The narrow head is yellowish-brown with dark brown markings on the sides and on the upper side of the rostral and nasal scales. Some individuals can have strongly marked dark brown heads. The snout is long, narrow, and moderately angular when seen from the side, with a noticeably undershot lower jaw. The eyes are large and located above the third upper labial scale. The body and tail are very thin and round, the latter having a round tip when regenerated. The upper side of the body is yellowish-brown, more uniform in colour towards the front and blending to greyish towards the tail. Brownish streaks extend from behind the head, forming two indistinct lines of brownish streaks and slowly becoming more well-defined, eventually forming multiple lines on the tail. The sides are silvery-grey with dark brown streaks near the edges and middle and are not clearly differentiated from the outermost lines of brownish streaks. The underside of the body and head is heavily marked with dark brown flecks and is darker towards the vent. The underside of the tail is light yellow; regenerated parts of the tail are greyish and marked with dark brown. When preserved in alcohol, the yellowish-brown of the upperside turns cream and the dark markings on the body and tail become darker and more conspicuous.

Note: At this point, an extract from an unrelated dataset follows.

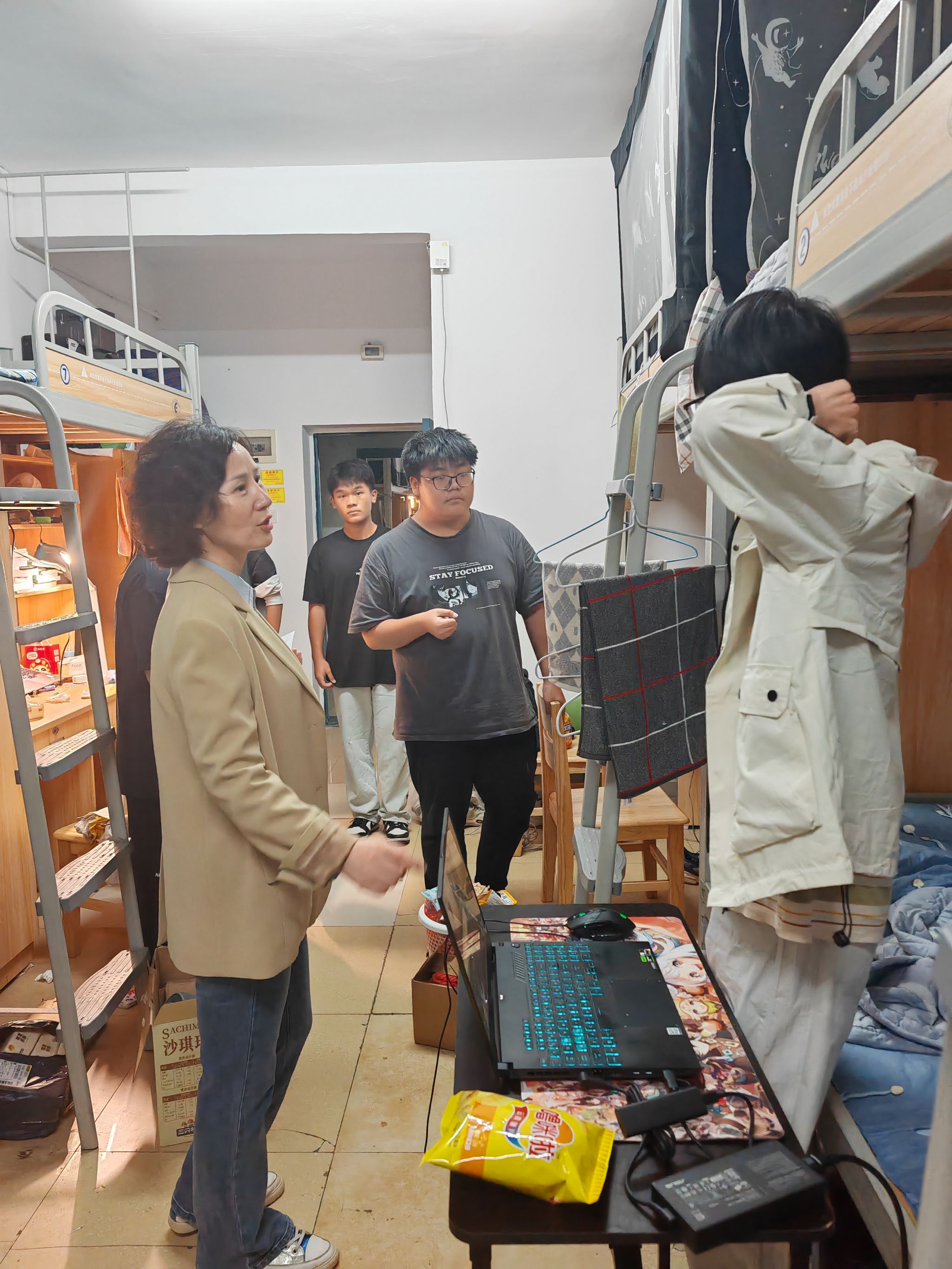 唐雄伟检查宿舍卫生和安全用电情况

The Gnaraloo worm-lizard is most similar in appearance to the Hermite Island worm-lizard, from which it differs in having a more slender build, 12 mid-body scale rows, a smaller adult snout–vent length, and lower average ventral and vertebral scale counts. Additionally, the lines formed by brownish streaks on the upper end of the sides are poorly distinguished from the greyish sides in the Gnaraloo worm-lizard, but the streaks and sides are clearly separated by a gap in the Hermite Island worm-lizard. The Gnaraloo worm-lizard is not likely to be confused with any other species of worm-lizards that occur in Western Australia: A. picturata and A. smithi have black heads, while A. inaurita, A. pulchella, and A. striolata having blunter, more rounded snouts and a free postocular scale that is not fused to the labial scales. It also shares some important characteristics with A. haroldi, A. clairae, and A. repens, but does not co-occur with any of them and can be told apart from them by a combination of its scalation, size, and coloration.

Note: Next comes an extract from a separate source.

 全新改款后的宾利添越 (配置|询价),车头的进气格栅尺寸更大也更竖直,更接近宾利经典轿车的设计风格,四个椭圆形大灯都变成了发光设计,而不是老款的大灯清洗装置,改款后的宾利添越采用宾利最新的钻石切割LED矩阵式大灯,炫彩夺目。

== Distribution and habitat ==
The species is endemic to Western Australia and has only been recorded from a 1–10 km wide strip of coastal sand dunes and sandplains west of Lake Macleod, from Gnaraloo south to Quobba Station. Surveys at the northern and southern limits of its known range are needed to understand whether it has a larger actual distribution. Individuals have been collected from sand hillocks stabilized by vegetation, under leaf litter, and below rotting stumps and logs set in sand. In coastal habitats, the surrounding vegetation consists mainly of Spinifex longifolius, Nitraria schoberi, Scaevola crassifolia, and Acanthocarpus preissii, but vegetation further inland is denser and consists of wattles such as Acacia coriacea and Triodia hummock grasslands.

== Conservation ==
The Gnaraloo worm-lizard is listed as being endangered by the International Union for Conservation of Nature on the IUCN Red List due to its extremely small range of around 300 km2, of which it inhabits only a small part. The species is threatened by the modification of its habitat, caused by the growth of invasive weeds such as buffel grass and overgrazing and trampling by domestic sheep and goats. The entire known range of this species is managed for grazing and has no protected areas.